The chief curator of the Groeningemuseum will provide an overview of the career of Hans Memling, the subject of the Frick’s fall special exhibition, Memling’s Portraits. Borchert, who edited the catalogue that accompanies the exhibition, will discuss patronage, the artist’s sitters, the function of portraiture, and the way in which Memling was influenced by earlier Netherlandish portraiture.


October 26, 2005

Memling’s Influence on Italian Portraiture from Leonardo to Raphael
Barbara G. Lane, Queens College and The Graduate Center of the City University of New York

This lecture will highlight a number of portraits by Memling that were in Italy during the late quattrocento, tracing their influence on Italian portraiture from the 1470s to the first decade of the sixteenth century.


November 16, 2005

Face to Face with Memling’s Portraits
Maryan W. Ainsworth, The Metropolitan Museum of Art, New York

Memling’s Portraits offers an unparalleled opportunity to reconsider this aspect of the artist’s oeuvre. The lecture will explore the working methods behind the extraordinary results that secured Memling’s reputation as Bruges’s most successful fifteenth-century portraitist.


November 30, 2005

Artists, Poets, and Writers Lecture Series
Henry James’s New York
Colm Tóibín, author

Henry James’s novel Washington Square, sections of his travel book The American Scene, and his memoir A Small Boy cover a crucial forty years in the history of New York City, 1865 to 1905. The speaker, winner of The Los Angeles Times 2004 Novel of the Year award, will discuss the city as well as James’s own sense of the development of American taste during this period.

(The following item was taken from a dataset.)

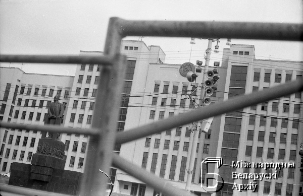 Wiec robotników strajkujących zakładów mińskich na placu Lenina (Niepodległości). Dom Rządu

The Artists, Poets, and Writers Lecture Series at The Frick Collection is made possible through the generous support of the Drue Heinz Trust.


December 7, 2005

Memling’s Italian Patrons
Paula Nuttall, Victoria and Albert Museum, London

Working in the cosmopolitan city of Bruges, Memling found a ready market for his art among the Italian mercantile community. This lecture will look at the varied commissions he produced for his Italian clients, including Tommaso Portinari, manager of the Medici Bank.